L’ex-président nigérian Muhammadu Buhari est décédé ce Dimanche13 juillet 2025 à l’âge de 82 ans, selon une annonce de son ancien porte-parole. Figure marquante de l’histoire politique du Nigeria, il laisse derrière lui un héritage contrasté, entre autoritarisme militaire et engagement démocratique tardif.
Militaire de carrière, Buhari accède une première fois au pouvoir par un coup d’État en 1983, à seulement 41 ans, renversant le président élu Shehu Shagari. Ce premier passage à la tête de l’État, de 1983 à 1985, restera marqué par une gouvernance répressive, un contrôle social sévère et des atteintes notoires aux libertés publiques. Il imposera alors une discipline de fer dans la fonction publique, allant jusqu’à infliger des humiliations publiques aux retardataires.

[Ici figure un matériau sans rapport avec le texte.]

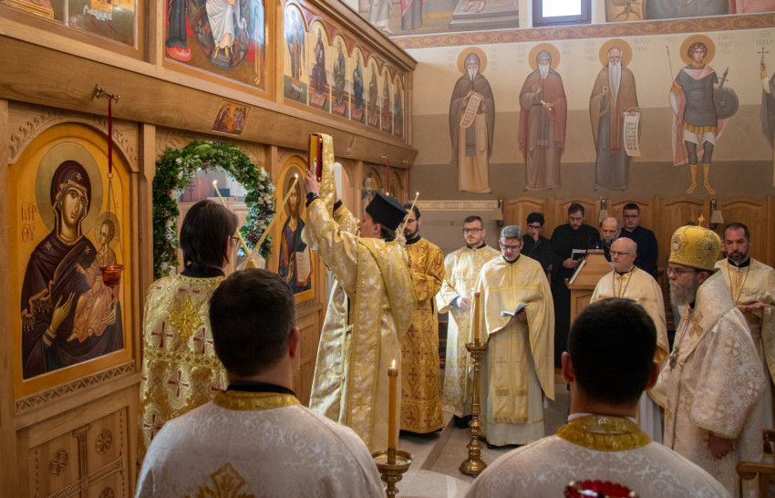 Mert a Jelenések könyvében Jeruzsálem a mennyből alászálló Isten városa; az a tündöklő, új város, amelyet köszöntünk minden liturgiánkban, és húsvét óta figyelmünk középpontjába kerül. Ennek az új Jeruzsálemnek, a mennyből alászálló Jeruzsálemnek legyenek oszlopai a Szent Atanáz-főiskola tanárai és a növendékek, akik ilyen oszlopfeladatok betöltésére készülnek – hangsúlyozta homíliájában Orosz Atanáz miskolci megyéspüspök.
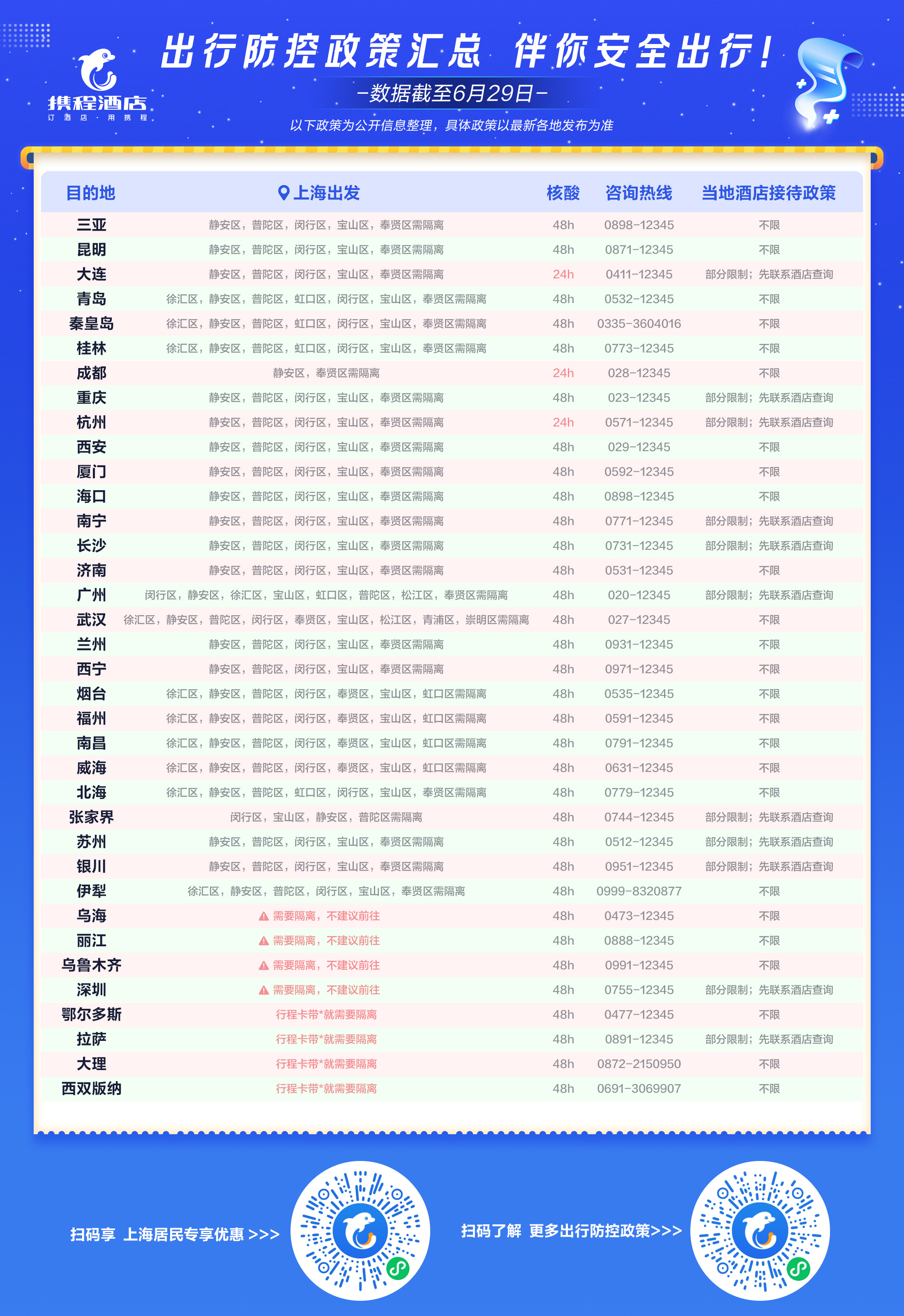 下附近40座城市对京沪出发游客的防控要求、酒店接待政策及咨询方式:
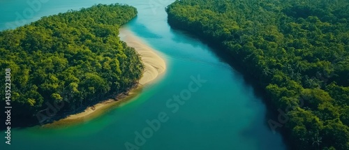Aerial view of a pristine river flowing through a dense, vibrant green rainforest canopy, creating a breathtaking natural landscape
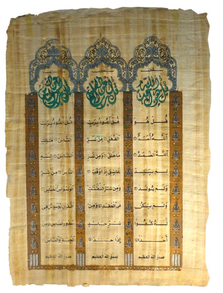 Papyrus fait main par un calligraphe montrant Sourate al-Ikhlâs, Sourate al-Falaq et Sourate an-Nas (ces trois sourates commencent toutes par "Qul قُل").
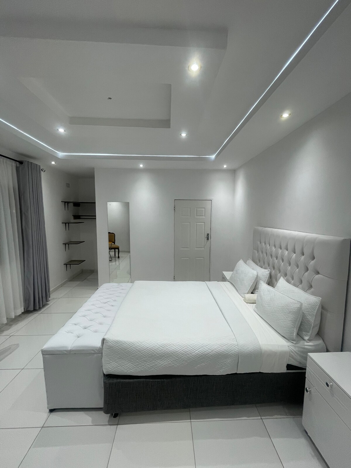 Te damos la bienvenida a nuestro amplio Airbnb de 7 dormitorios ubicado en el corazón de Gweru, Zimbabue. Desde el momento en que pongas un pie en este espacioso refugio, estarás envuelto en la comodidad, el estilo y la calidez de la hospitalidad de Zimbabue. Ubicado en un vecindario sereno, pero a poca distancia en coche del bullicioso centro de la ciudad, nuestro Airbnb ofrece la mezcla perfecta de tranquilidad y conveniencia. Te damos la bienvenida a Banville Place, el lugar ideal.
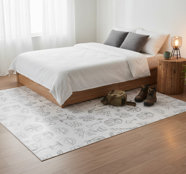 这幅图呈现出一个明亮的背景,上面装饰着各种细致的插图。设计中包含树木、山脉、指南针和地图等元素,搭配背包和露营主题。这些图案主要以黑色为主,与白色背景形成鲜明对比,增强了户外冒险的主题。
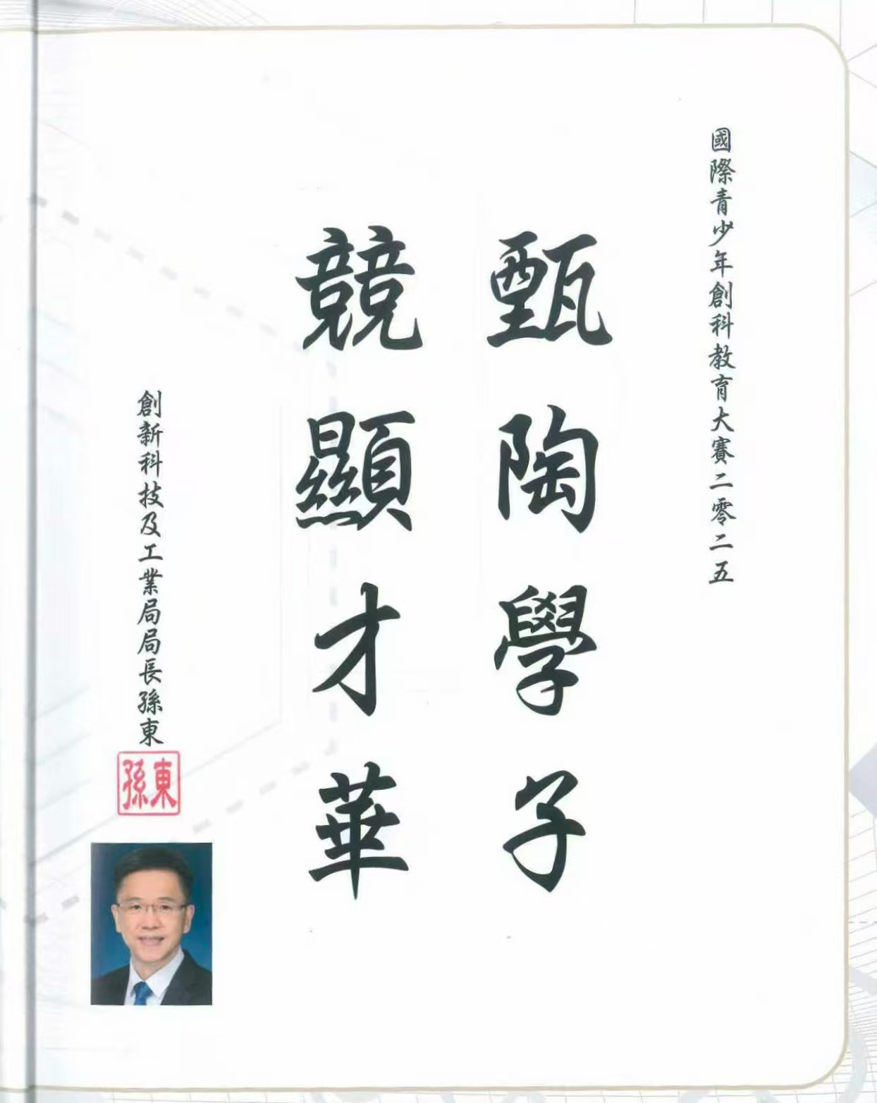 【1】香港财政司长:陈茂波题字 【2】香港科工局局长:孙东题字

Originaire de Daura, dans l’État de Katsina (nord), Muhammadu Buhari est issu d’une famille peule nombreuse. Orphelin de père à quatre ans, il rejoint les rangs militaires peu après l’indépendance, se formant notamment en Grande-Bretagne. Il gravit rapidement les échelons et devient gouverneur de la région Nord-Est, avant d’être nommé ministre du Pétrole sous le régime d’Olusegun Obasanjo.
Renversé en 1985 par Ibrahim Babangida, il passera trois ans en détention surveillée, sans jamais renoncer à la politique. Après plusieurs tentatives infructueuses, il est élu président en 2015, devenant le premier opposant à remporter démocratiquement une présidentielle face à un chef d’État en exercice, en l’occurrence Goodluck Jonathan.
Son double mandat (2015-2023) a été dominé par sa lutte contre Boko Haram et contre la corruption. Malgré des avancées sur le plan sécuritaire dans le nord du pays, il n’a pas su enrayer la montée du banditisme, l’effondrement du naira, ni la pauvreté galopante. La récession de 2016 et la crise du Covid-19 ont profondément affecté son image. Surnommé « Baba-Go-Slow » pour sa lenteur à former un gouvernement, il a également été critiqué pour sa santé déclinante et ses absences prolongées à l’étranger.
Son style autoritaire ne s’est jamais complètement effacé. En 2016, des propos sexistes visant son épouse Aisha Buhari – reléguée à « la cuisine, le salon et la chambre » – ont provoqué un tollé international, notamment en présence de la chancelière allemande Angela Merkel. En 2021, il suspend Twitter dans tout le pays après que la plateforme a supprimé des messages jugés incitatifs à la violence, suscitant l’indignation mondiale. Wole Soyinka, prix Nobel de littérature, avait alors dénoncé une dérive dictatoriale « inconvenante pour un président élu démocratiquement ».
L’héritage de Muhammadu Buhari reste complexe. À la fois artisan d’une alternance politique historique et dernier représentant d’une génération d’officiers militaires convertis à la démocratie, son parcours illustre les tensions structurelles du Nigeria moderne, entre héritage militaire, divisions régionales et aspirations démocratiques.